# Work required
Below are some records. Output the lines from the first one through the line that holds "Ambulances, fire engines, a", exactly as written, with no pictures.
*** Data extract ***
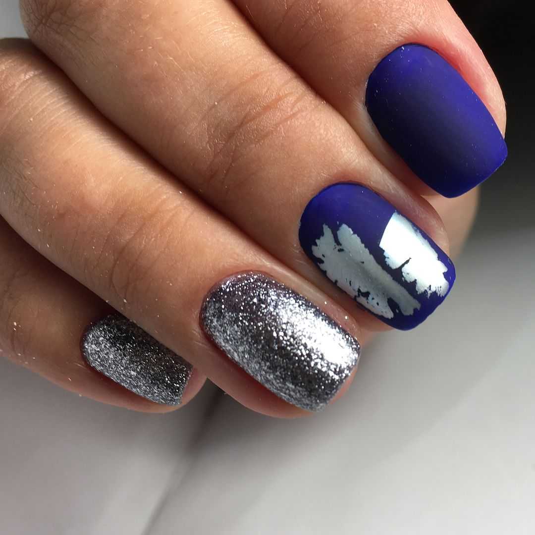 Это все грани одного цвета, который может быть совершенно разным. И сочетание синего с другим цветами разнообразно. Модной тенденцией не только в 2019 году, а уже несколько сезонов подряд является синий маникюр в сочетании с серебристым декором. Комбинация синего и серебра достойное, благородное сочетание тонов. В таком варианте маникюр выглядит торжественно, ярко и стильно.
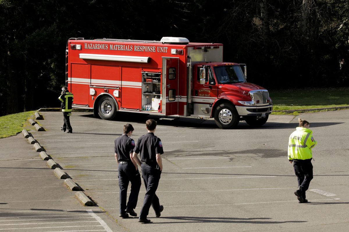 Ambulances, fire engines, a hazardous materials response unit, and other emergency vehicles are seen in a staging area at the North Kirkland Community Center, which is a short drive from the Life Care Center of Kirkland, the long-term care facility linked to several confirmed coronavirus cases in the state, in Kirkland, Washington, U.S. March 4, 2020. REUTERS/David Ryder
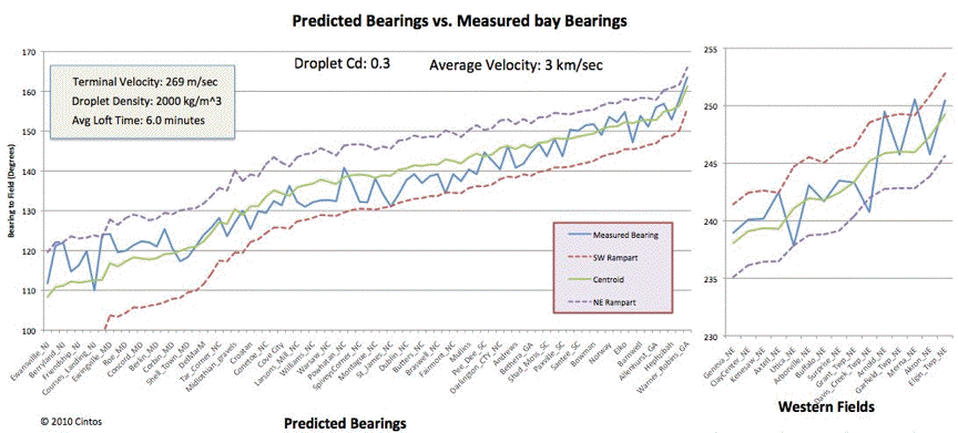 In the case of distal ejecta, the land and atmosphere are moving rapidly west-to-east under the falling ejecta. During the terminal velocity atmospheric braking the latitude difference between the proposed crater's rim and the bay location create an W>E velocity delta because of the earth's spherical shape. That effect increases in magnitude as the landing sites move more southerly. At our most southerly field, Warner Robins, GA, the ground speed difference is 197 km/hr. Amplifying the latitude effect, the 197 km/hr delta is applied to a W>E loft velocity vector that is smaller relative the those of the more northerly fields, resulting in a higher percentage adjustment. The following graphic attempts to exhibit the numerical adjustments we make to the inferred alignment to arrive at a de-skewed bearing for each bay. The graphic uses the metrics of Wagram, NC's field.
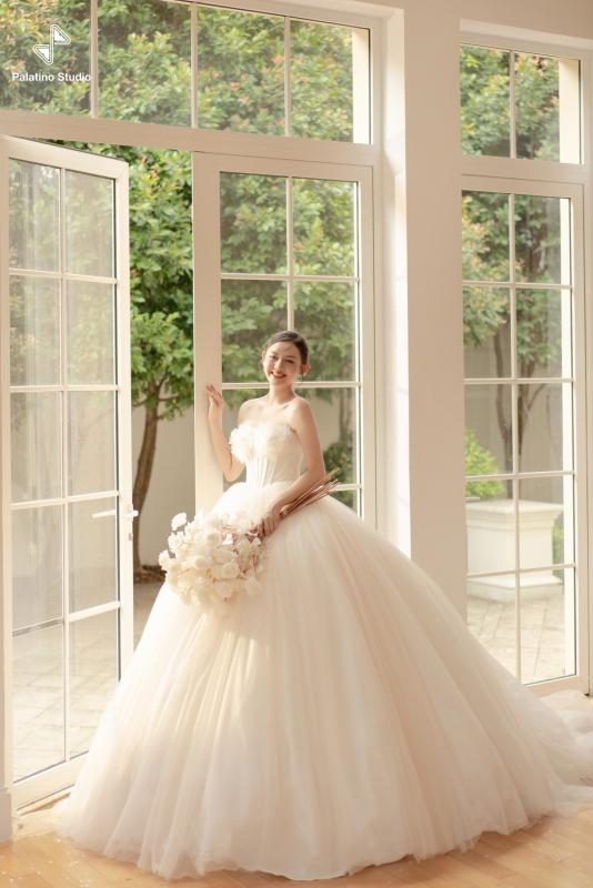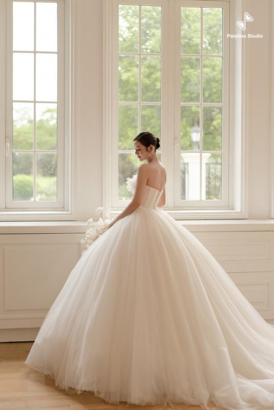✔️Với chiếc váy bồng xòe với chất liệu Organza cao cấp sẽ khiến cô dâu có cảm giác nhẹ nhàng khi di chuyển tại những điểm chụp ngoại cảnh mà vẫn đảm bảo được nét lộng lẫy vốn có của váy cưới
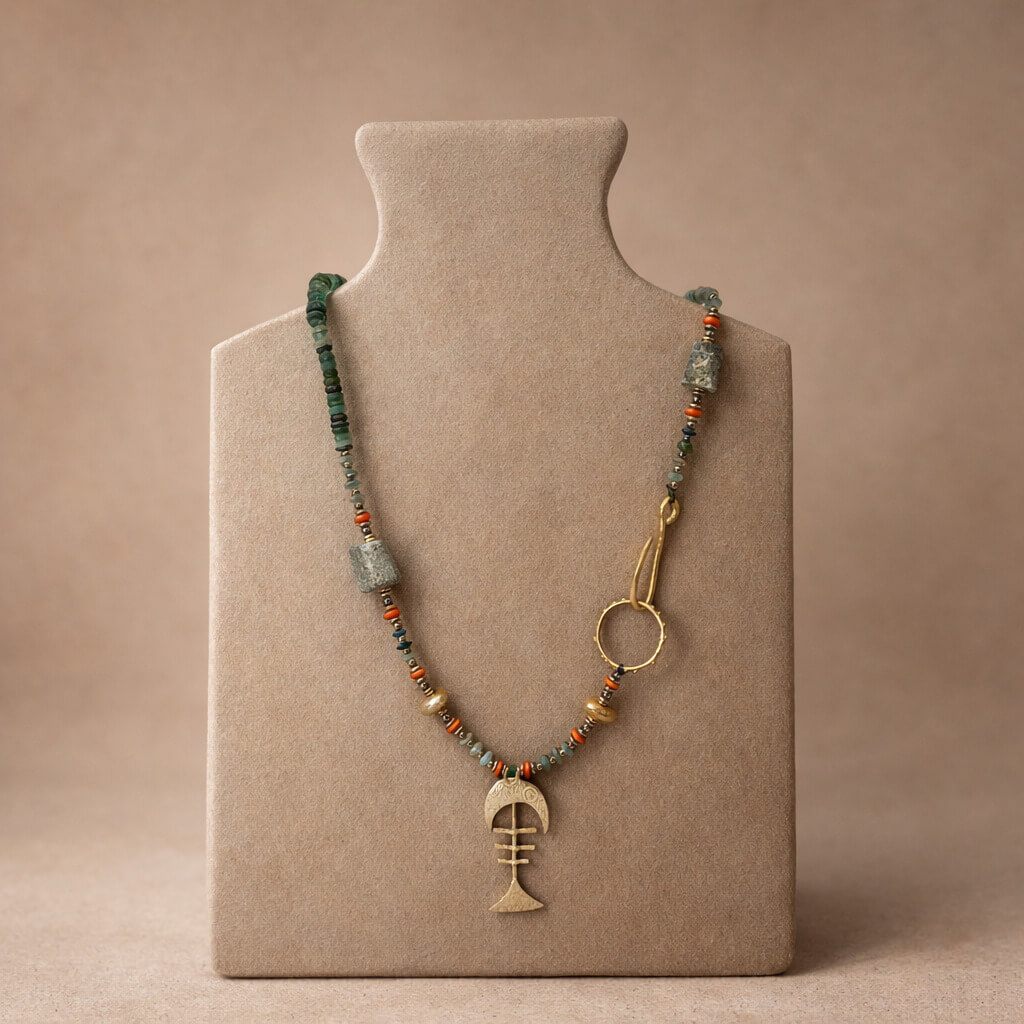 Roma camının otantik dokusu, pirinç üzeri altın kaplamanın modern ışıltısıyla birleşerek zamansız bir bütünlük sunar. Balık kılçığı formundaki pirinç kolye ucu, tasarımın merkezine deniz ruhunu taşıyan özgün ve sembolik bir vurgu ekler. SEY DESIGN’ın el işçiliğini yansıtan bu özel parça; antik estetikle modern zarafeti bir araya getirerek günlük stile hafif, akıcı ve karakterli bir dokunuş kazandırır.Roma Akıntısı Kolye, Roma camı doğal taşın antik dokusunu balık kılçığı formunda el yapımı tasarım ile modernleştiren bir kolyedir.
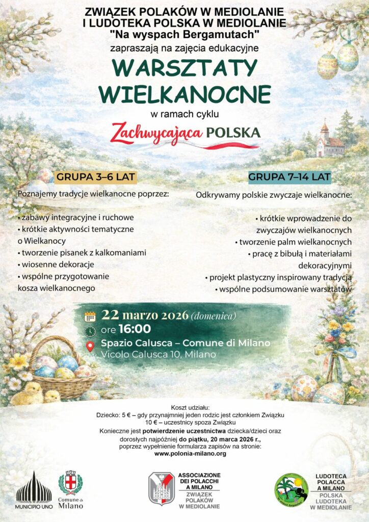 Związek Polaków w Mediolanie i Ludoteka Polska w Mediolanie “Na wyspach Bergamutach” mają przyjemność zaprosić dzieci w wieku 3 – 14 lat wraz z rodzicami na:
***
# Final answer
 Это все грани одного цвета, который может быть совершенно разным. И сочетание синего с другим цветами разнообразно. Модной тенденцией не только в 2019 году, а уже несколько сезонов подряд является синий маникюр в сочетании с серебристым декором. Комбинация синего и серебра достойное, благородное сочетание тонов. В таком варианте маникюр выглядит торжественно, ярко и стильно.
 Ambulances, fire engines, a hazardous materials response unit, and other emergency vehicles are seen in a staging area at the North Kirkland Community Center, which is a short drive from the Life Care Center of Kirkland, the long-term care facility linked to several confirmed coronavirus cases in the state, in Kirkland, Washington, U.S. March 4, 2020. REUTERS/David Ryder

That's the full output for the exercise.